On 02.07.24 02:57, George at Clug wrote:
I wanted to know "how to configure and use Wine to run a Windows program".
And that's why you should try out Bottles, because it's not just plain Wine. If 
you succeed with it, you can check the source code, what exactly they are doing 
that enables better success rates. E.g. they offer some sort of a desktop to 
run programs inside. In a few cases this helps solve some issues.
No specific programs in mind, but MS Office could be an example.

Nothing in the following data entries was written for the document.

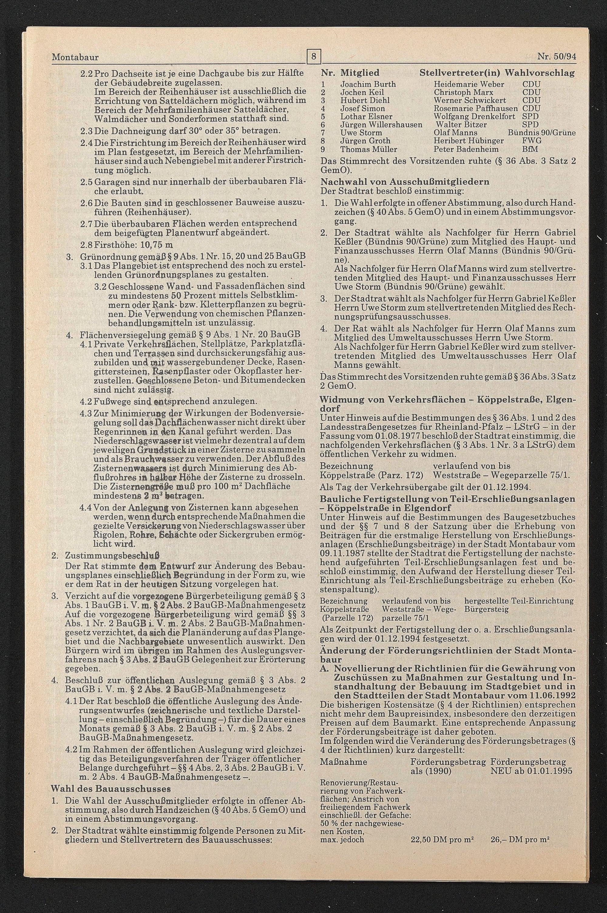 Unter Hinweis auf die Bestimmungen des Baugesetzbuches und der §§ 7 und 8 der Satzung über die Erhebung von Beiträgen für die erstmalige Herstellung von Erschließungsanlagen (Erschließungsbeiträge) in der Stadt Montabaur vom 09.11.1987 stellte der Stadtrat die Fertigstellung der nachstehend aufgeführten Teil-Erschließungsanlagen fest und beschloß einstimmig, den Aufwand der Herstellung dieser Teil- Einrichtung als Teil-Erschließungsbeiträge zu erheben (Kostenspaltung).
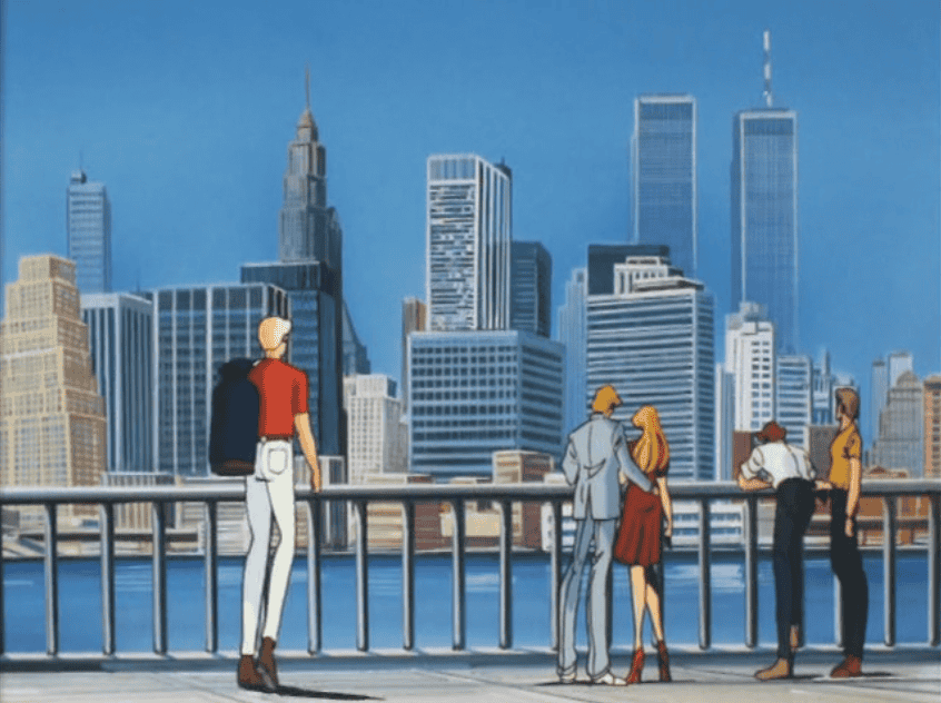 The opening shot of Antz is what appears to be the New York skyline with the WTC towers, but it really is grass. The closing shot zooms out from the anthill so we can see it is in a park in New York City, this time with the real buildings including the WTC towers on the right.
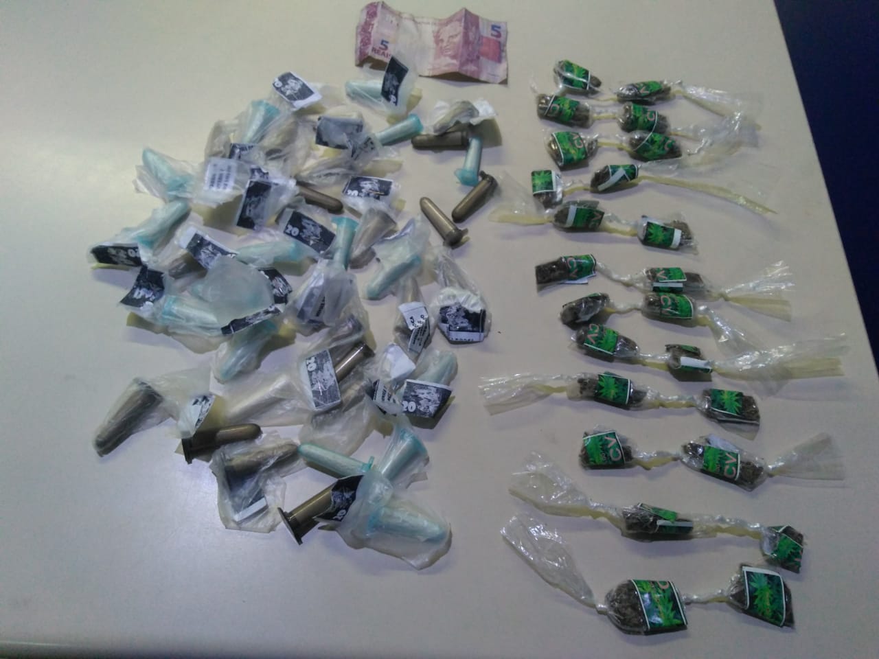 Já no bairro Itapuca, por volta das 18h40min, os policiais apreenderam 39 pinos de cocaína e 20 invólucros de maconha, na Rua Hostílio de Souza. “Recebemos a informação de que um homem negro estaria comercializando drogas no local. Quando nos aproximamos, o suspeito saiu correndo. Após buscas na localidade encontramos a sacola plástica com as drogas”, explicaram os militares que apresentaram toda a droga na Delegacia.
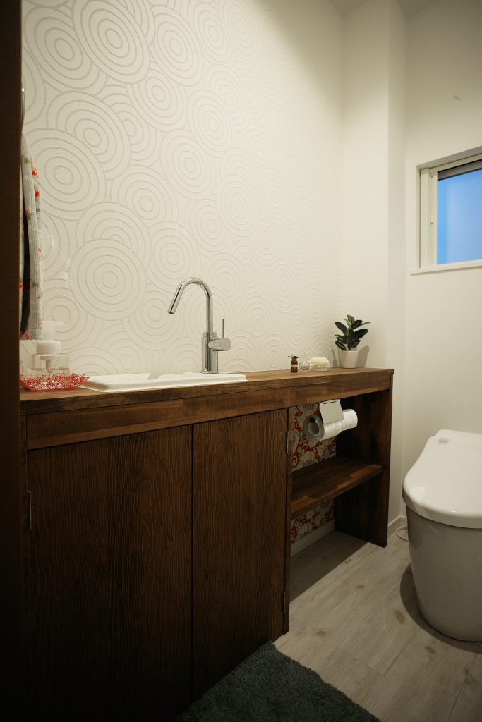 外観はシンプルな塗り壁、内観は深みのあるお色味の床材やタイルを
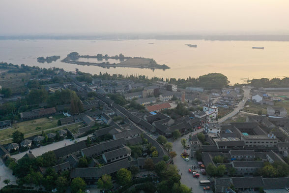 這是11月14日拍攝的運河三灣生態文化公園景色(無人機照片)。 徐州是南水北調東線在江蘇境內的最后一關,運河邊的窯灣古鎮鼎盛時曾有十多個省的商會和會館匯集。近年來,這座曾以水泥建材、電力、煤炭、化工為支柱產業的城市,一邊源頭控污、清淤疏浚,關閉100多個散貨碼頭,一邊將大運河引入腹地建起新沂港,發展內河集裝箱運輸,未來貨物到達西南、沿海和蘇南的成本可節約15%至30%。 “投入上億元治污,拆除上億元規模的產業,看起來是‘傷元氣’,實際上是為綠色發展‘增底氣’!苯紖^委書記張彤說,以生態保護的基點為高質量發展尋策問道,不斷挖掘和放大生態保護的綜合功能,綠色發展的甜頭越來越大。 除了生態倒逼,江蘇還高度重視文化引領綠色發展的積極作用。 地雄吳楚東南會,水接荊揚上下游。長江和運河在江蘇的另一個交匯點位于鎮江。西津渡自三國以來便是兵家必爭之地,也是北人南下渡江第一站。歲月變遷,北岸的古瓜洲已全部坍塌于江中,南岸則開始淤積。
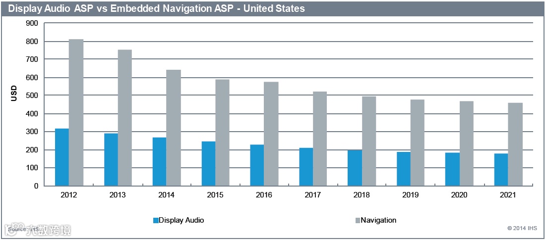 The figure above highlights why display audio is a big disruptor for embedded navigation in the U.S..The average selling price for a display audio system is between $200 and $300 compared to navigation which in 2012 was over $800,but even at its lowest point barely goes below $500.Assuming the consumer has the option between an embedded navigation system at $500,or a display audio system with a navigation app at $200,it is fairly obvious what the choice will be.
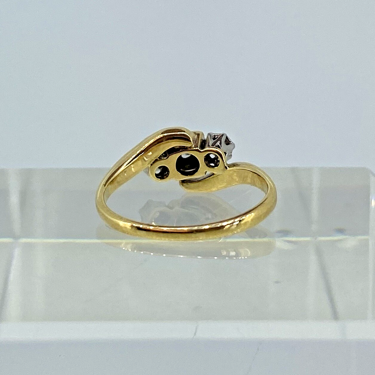 18 ct Gold Art Deco Diamond Ring Trilogy Bypass 750 Yellow Gold - Size K
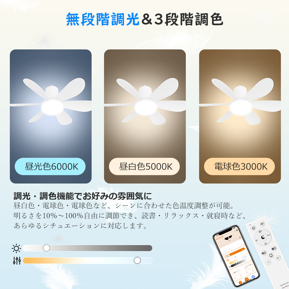 | ■【無段階調光&風量調節】 | スマホアプリ&リモコンで簡単に調光・調色可能。昼光色・昼白色・電球色の3色を10%〜100%まで無段階で切り替え。風量も自由に調節可能! |
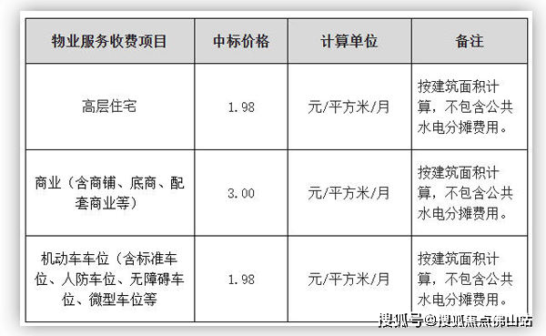 中标结果显示,高层住宅物业费为1.98元/㎡·月,商业为3元/㎡·月,机动车车位为1.98元/㎡·月。
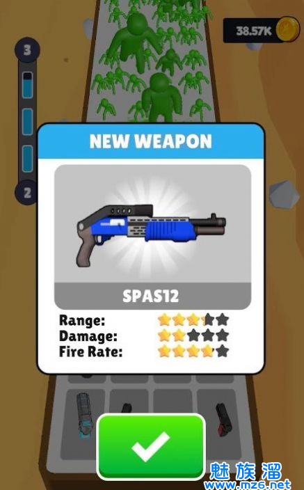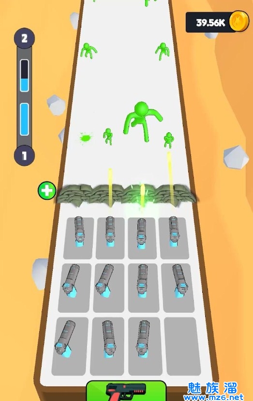 1、把相同的武器合并成步枪、霰弹枪等高级武器,帮你更快的消灭僵尸。
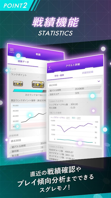 機体のカスタマイズはもちろん、ご自身の詳細な戦績や、直近の戦績がどう変化したかも細かくチェック可能。
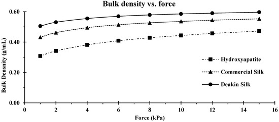 Comparison of bulk density vs. compression force for hydroxyapatite, commercial silk powder, and Deakin silk powder.
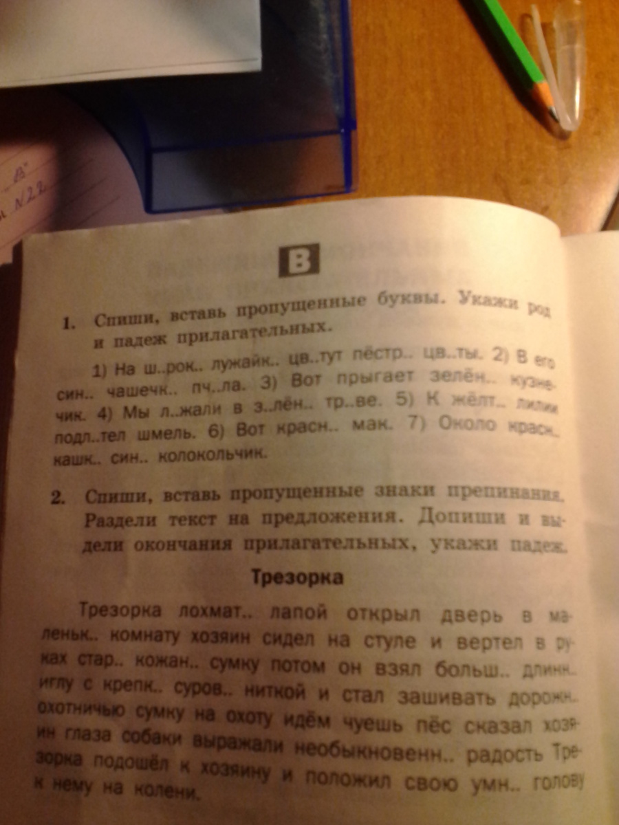 1) На широкой лужайке цветут пёстрые цветы. 2) В его синей чашечке пчела. 3) Вот прыгает зелёный кузнечик. 4) Мы лежали в зелёной траве. 5) К жёлтой линии подлетел шмель. 6) Вот красный мак. 7) Около красной кашки синий колокольчик.
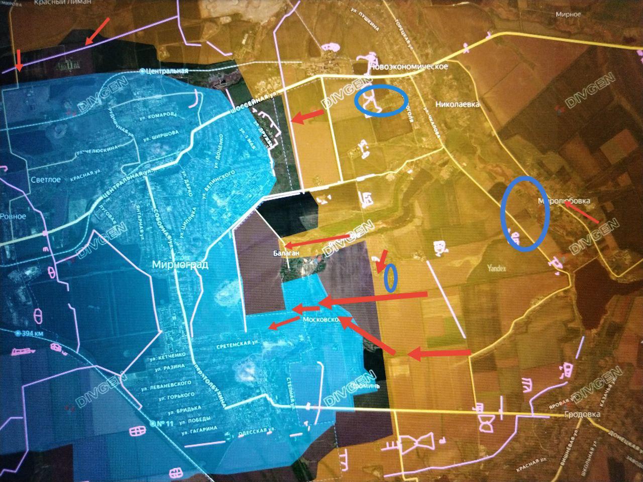 Главным событием на данном участке Покровского направления является прорыв ВС РФ из района Гродовки (в обход Проминя севернее) в Московское (Казацкое) и далее, с форсированием р. Сенная, в частный сектор на восточной окраине Мирнограда (в районе ул. Седова).
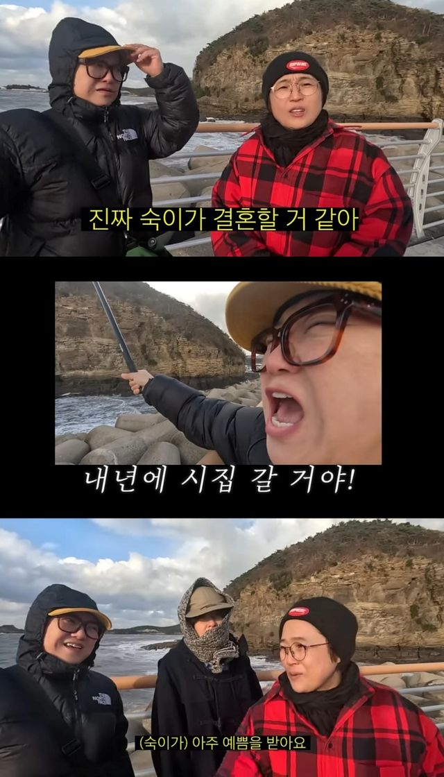 최근 김숙은 30년 지기 송은이, 최강희와의 여행기를 유튜브 채널에 공개했다. 영상 속 송은이는 새해에 대해 이야기하던 중 "2025년 예능판을 뒤집을 기대작, 저는 그 프로그램을 통해서 진짜 숙이가 결혼할 거 같다"고 깜짝 선언했다.

Afaik, this can only be possible with Crossover, my guess is they use some 
closed source components that allow to run even MS Office or Adobes Suite. But 
for everyone else, if you don't use dirt old versions of these programs, it's 
just impossible to run them as they are very stubborn about not to run on 
anything but Windows and macOS, no matter how hard you try. There are YouTube 
videos of people showing off that they succeed with this, but of course they 
never share how. So either these are just fake or they found a way to tell 
which dlls the programs are missing and just copied them from an existing 
Windows installation. Who knows. So you are better of trying apps that have an 
actual chance of ever being able to run on Linux. Maybe a good starting point 
is KeePass. Officially only supports Windows, but with explicit support for 
Mono, and Debian even has a package that sets up the Wine environment to run it 
inside.

As Mario pointed, one example would be to have a modern web browser with DRM.
DRM is already present in various browsers, just not necessarily the highest 
level. But question is if that can even be emulated. Because if it was that 
easy, there would be guides for that.

Many games are only released as Windows programs. Fortunately Steam has 
achieved amazing results for running Windows games in Linux.
True. That's what Proton is for, with a mix of DXVK and the sorts.
At this stage I am only testing the concept, to see what is possible, what 
works, and what does not work.

That's what Wine's AppDB is for: https://appdb.winehq.org/


  To see what I need to understand so I can configure Wine for any given 
Windows application.
That's just a naive dream, and it's highly questionable if that will ever be 
possible, most likely not. There are just too many programs depending on bad 
design decisions of Windows, like allowing just any terribly written Kernel 
level driver to do whatever the hell it wants. Valve is only this successful 
with Proton because they e.g. hired Collabora to develop and upstream APIs for 
the Linux Kernel to handle system calls Linux doesn't and will never support. 
Better stick to what's known to be supported, unless you want to develop for 
Wine itself. If you want to run a program with it, most likely others have 
tried that already, so you don't need to start from scratch. And you don't need 
to waste your time with things that will never work.